Your response to the data below should hold nothing except the lines from the one containing "Como participar: basta" down to the one containing "- Resistente a", reproduced exactly and without pictures.

Records excerpted from a collection:

=== Begin Enclosure ===

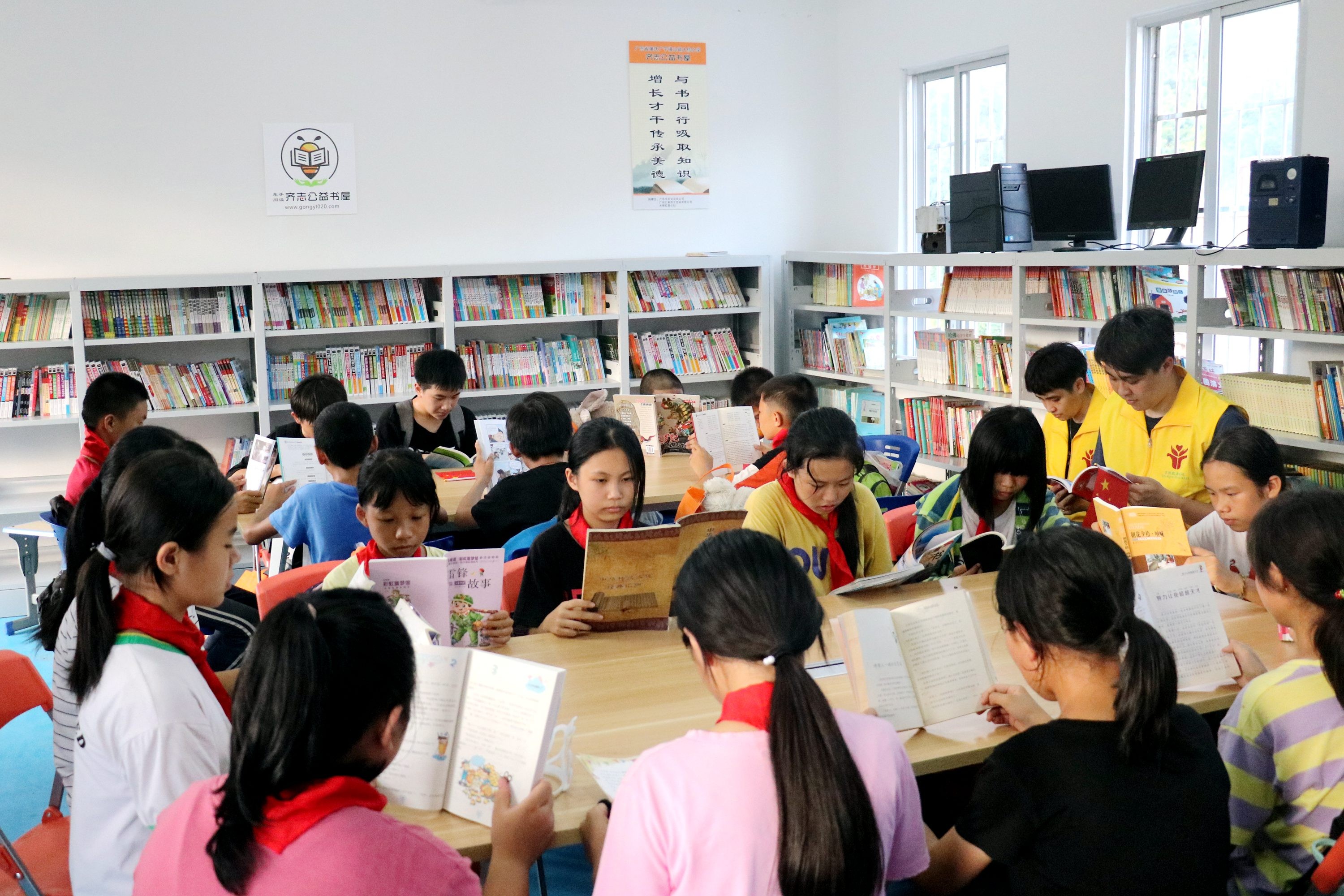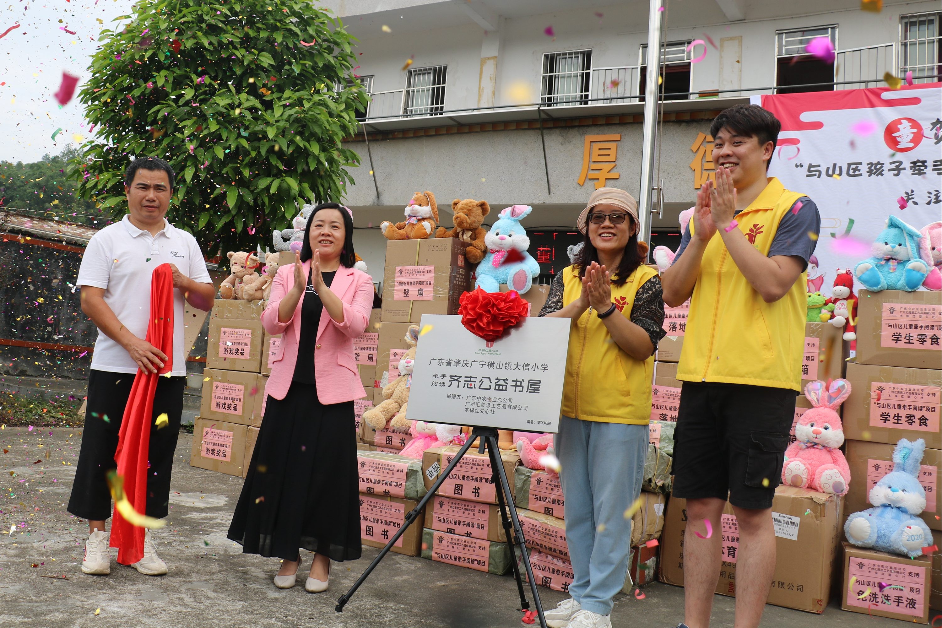 本次活动是为了实施腾讯众筹项目而开展的活动,2019年度99公益日期间,广东中农木棉红爱心社发起企业一起捐,号召旗下员工1116人次的支持齐志社会工作服务中心发起的“与山区儿童牵手阅读”众筹项目,累计获得54409.4元捐赠。第36间“齐志公益书屋”是木棉红爱心社支持的第四间公益书屋,在礼炮和孩子们的热烈的掌声中,木棉红爱心社负责人方旭、徐放与广宁县民政局邓少兰副局长、大信小学董越常校长一起为“齐志公益书屋”揭牌。
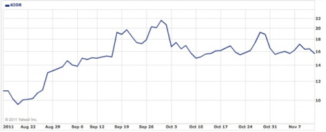 KiOR掌握著利用木屑作為原料,透過催化劑與熱反應生成粗油的技術。KiOR發佈了第三季淨損失為1480萬美元,去年同期淨損失為1060萬美元。目前為止KiOR尚未有任何營收,預計需要到2012年中在哥倫比亞的廠房完工之後才會開始產生營收。
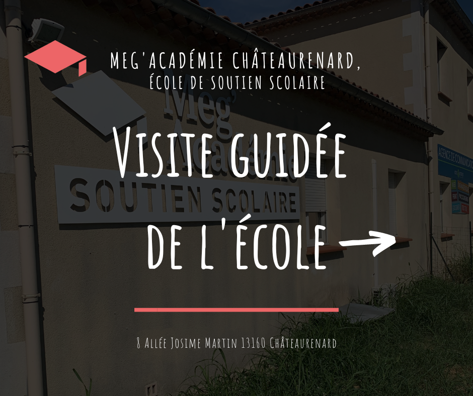 Notre école Még’Académie se situe sur la commune de Châteaurenard, à 5 min du Lycée Jean d’Ormesson et du collège Simone Veil. Elle est proche des communes : Noves, Eyragues, Saint-Rémy de Provence, Cabannes, Maillane, Graveson, Rognonas, Barbentane, Montfavet, Avignon, Morières, Caumont-sur-Durance.
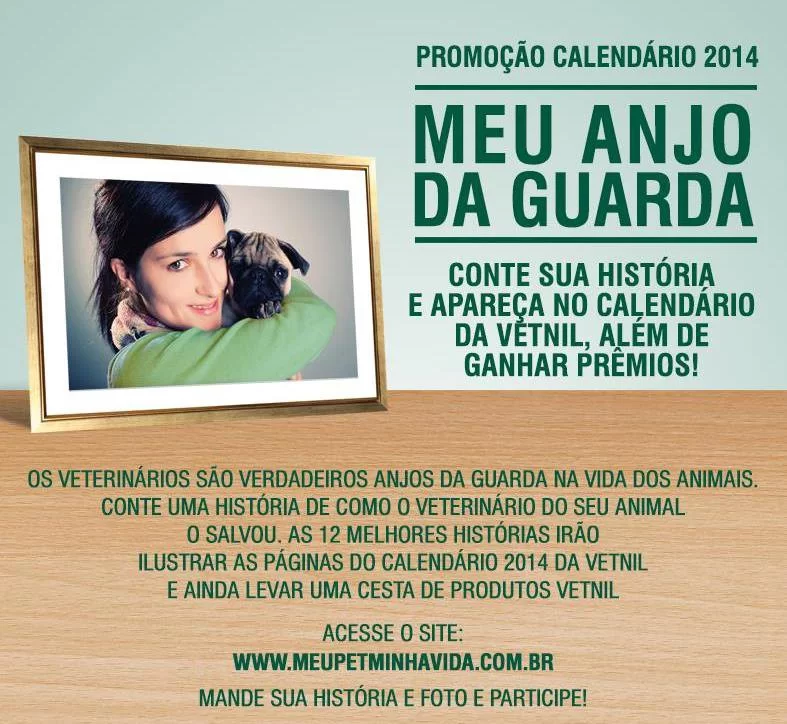 Como participar: basta enviar a história – com no máximo 40 palavras – e a foto colorida com tamanho mínimo de 1 mega através do site www.meupetminhavida.com.br ou para o e-mail calendario2014@meupetminhavida.com.br com o assunto “Promoção Anjos da Guarda, minha história” e os dados – nome completo, telefone e e-mail.
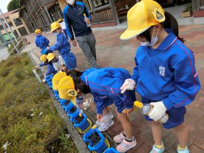 ペットボトルを使ってこれから毎日水やりをして大事に育てます。今年も秋に種ができて、来年の1年生にプレゼントできるといいですね。
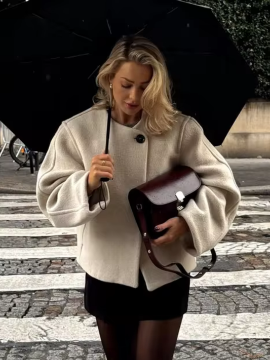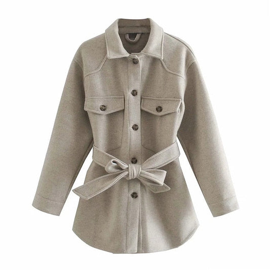 Wool Blend Lapel Double Breasted Long Sleeve Coat
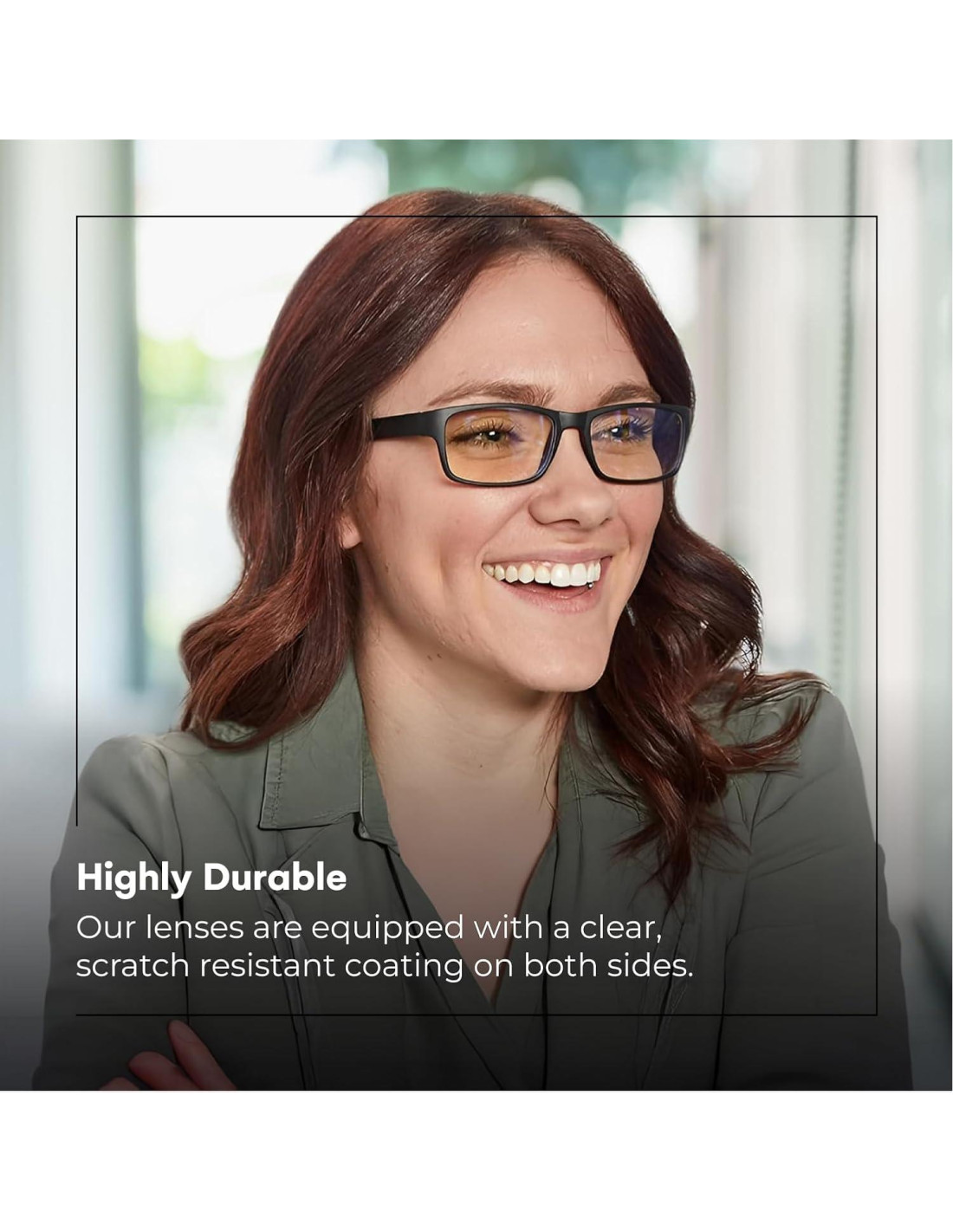 - Resistente a los arañazos - Tus gafas siempre están en riesgo de arañazos dañinos. Nuestras lentes tienen un recubrimiento claro y resistente a los arañazos en la parte delantera y trasera, lo que crea un escudo más profesional que protege tus gafas.
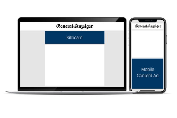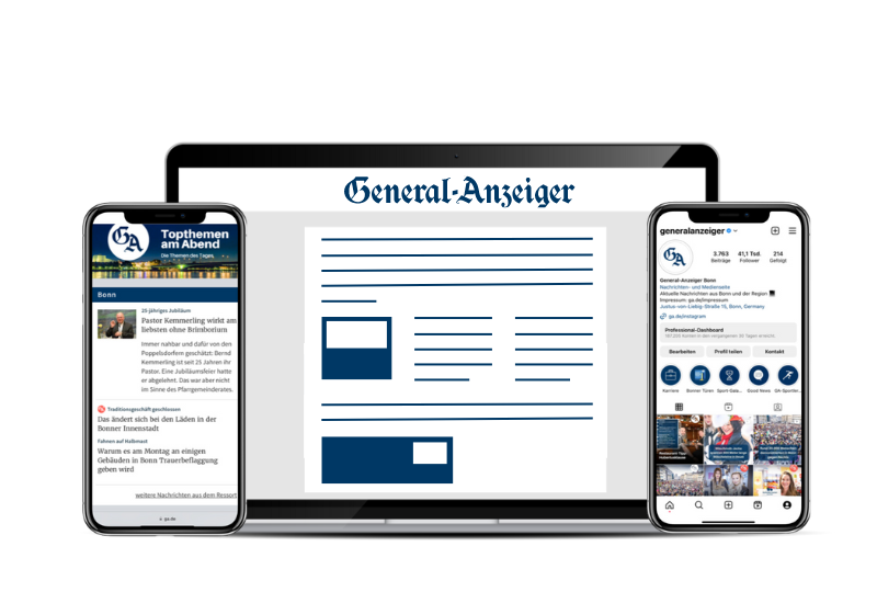 Platzieren Sie Ihr Unternehmen und Ihre Produkte im attraktiven Nachrichtenumfeld von ga.de und sichern Sie sich die Aufmerksamkeit von monatlich bis zu 1,39 Mio. Unique Usern in Bonn und dem Rhein-Sieg-Kreis. Gerne entwickeln wir für Sie Ihre individuelle Kampagne.
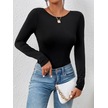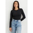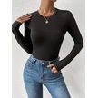 Kadın Uzun Kollu Bisiklet Yaka Süprem Bluz Siyah
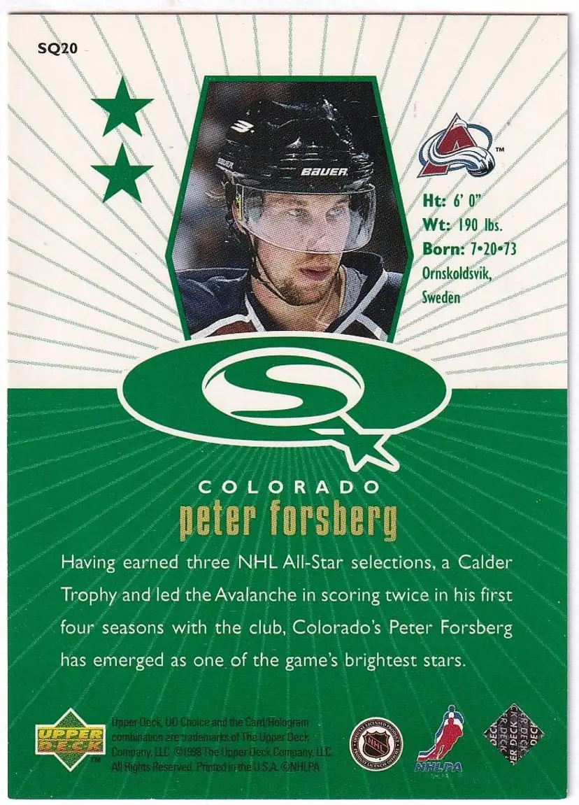 1998-99 UD Choice StarQuest Green #SQ20 Peter Forsberg Colorado Avalanche
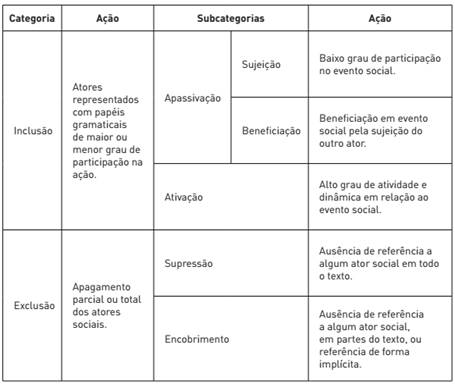 As operações linguísticas ligadas à categoria inclusão dos atores sociais, por ativação ou apassivação, podem ser: referência explícita ao ator social e identificação dos verbos, adjetivos e pronomes relacionados ao ator social.
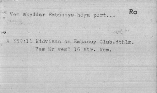 //// Ra //// v Vem skyddar Bmbassys hö;ra port... //// A 559:11 Kidvisan om Embassy G1ub,Sth1m. Vem :;.r vem? 16 str. kom. ////
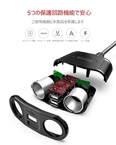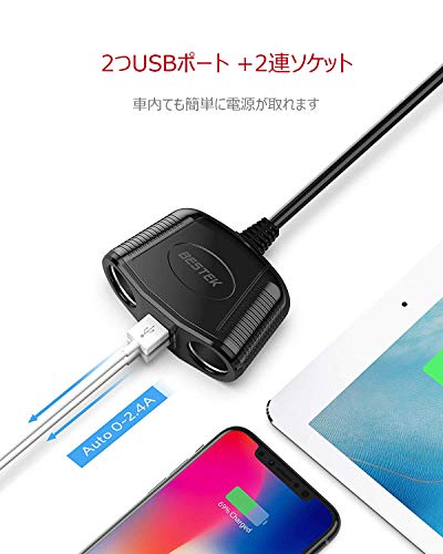 BESTEK シガーソケット 充電器 2連 USB 2ポート 12V/24V車対応 LED付き MRS152UV
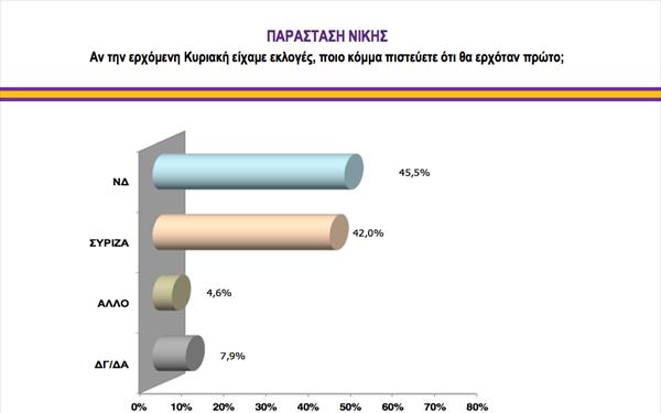 Τα ποσοστά που συγκεντρώνουν τα κόμματα στην πρόθεση ψήφου έχουν ως εξής:ΝΔ 24,2%ΣΥΡΙΖΑ 23,1%ΧΡΥΣΗ ΑΥΓΗ 9,3%ΠΑΣΟΚ 8,2%ΑΝΕΞ. ΕΛΛΗΝΕΣ 6,3%ΔΗΜΑΡ 5,2%, ΚΚΕ 4,6%ΟΙΚΟΛΟΓΟΙ ΠΡΑΣΙΝΟΙ 1,3%ΔΗΜΙΟΥΡΓΙΑ ΞΑΝΑ 1,1%αδιευκρίνιστη ψήφος 10,2%άκυρο λευκό 3,4%άλλο 3,1%. Στην παράσταση νίκης προηγείται η ΝΔ με 45,5% με τον ΣΥΡΙΖΑ να συγκεντρώνει 42%.

=== End Enclosure ===

● **EXERCISE OUTPUT**:
 Como participar: basta enviar a história – com no máximo 40 palavras – e a foto colorida com tamanho mínimo de 1 mega através do site www.meupetminhavida.com.br ou para o e-mail calendario2014@meupetminhavida.com.br com o assunto “Promoção Anjos da Guarda, minha história” e os dados – nome completo, telefone e e-mail.
 ペットボトルを使ってこれから毎日水やりをして大事に育てます。今年も秋に種ができて、来年の1年生にプレゼントできるといいですね。
 Wool Blend Lapel Double Breasted Long Sleeve Coat
 - Resistente a los arañazos - Tus gafas siempre están en riesgo de arañazos dañinos. Nuestras lentes tienen un recubrimiento claro y resistente a los arañazos en la parte delantera y trasera, lo que crea un escudo más profesional que protege tus gafas.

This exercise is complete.